▸ **Exercise**
Transcribe the lines below verbatim, skipping the images.

▸ **Dataset content**
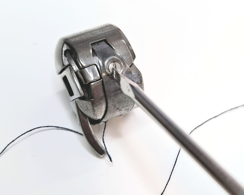 - Use a small screwdriver to turn the screw on the bobbin case.
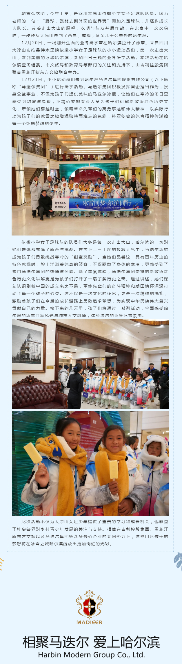 马迭尔集团助力大凉山女足亚冬行,共谱冰雪梦想华章
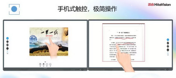 鴻合雙屏教學(xué)解決方案擁有手機(jī)式觸控,極簡(jiǎn)操作,課堂上,教師利用簡(jiǎn)單的手勢(shì)操作即可開(kāi)展日常的教學(xué)活動(dòng)。
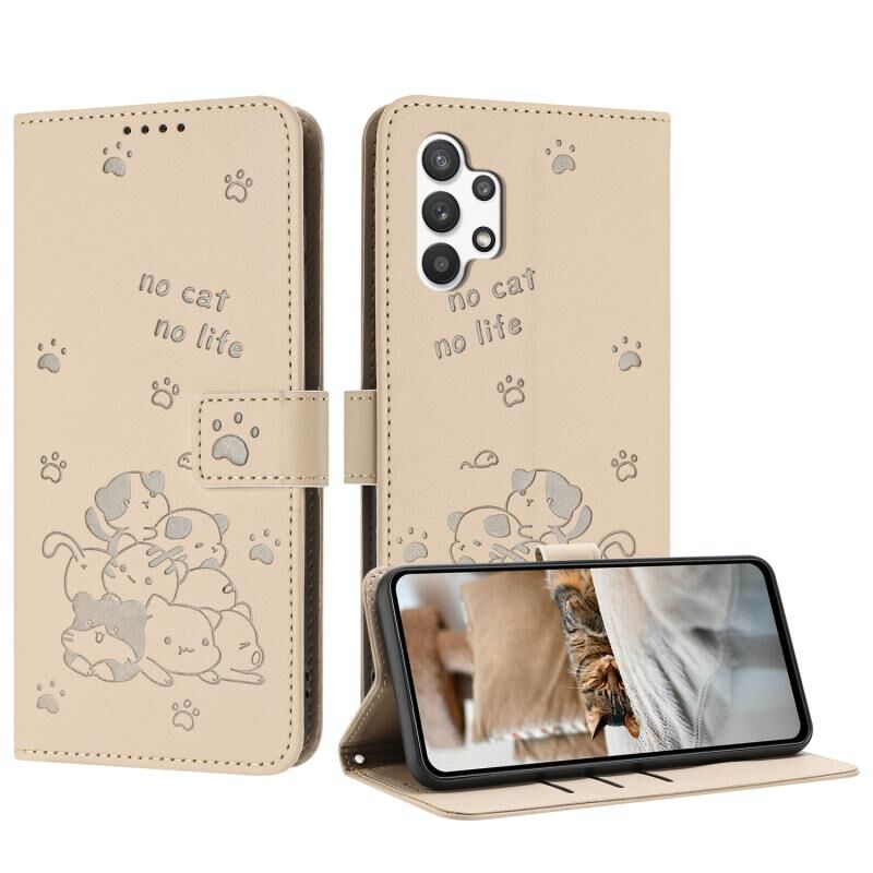 Θήκη δερμάτινη για Samsung Galaxy A32 5G / M32 5G με ανάγλυφο σχέδιο γατάκι και κορδόνι (Μπεζ)

▸ **Exercise response**
 - Use a small screwdriver to turn the screw on the bobbin case.
 马迭尔集团助力大凉山女足亚冬行,共谱冰雪梦想华章
 鴻合雙屏教學(xué)解決方案擁有手機(jī)式觸控,極簡(jiǎn)操作,課堂上,教師利用簡(jiǎn)單的手勢(shì)操作即可開(kāi)展日常的教學(xué)活動(dòng)。
 Θήκη δερμάτινη για Samsung Galaxy A32 5G / M32 5G με ανάγλυφο σχέδιο γατάκι και κορδόνι (Μπεζ)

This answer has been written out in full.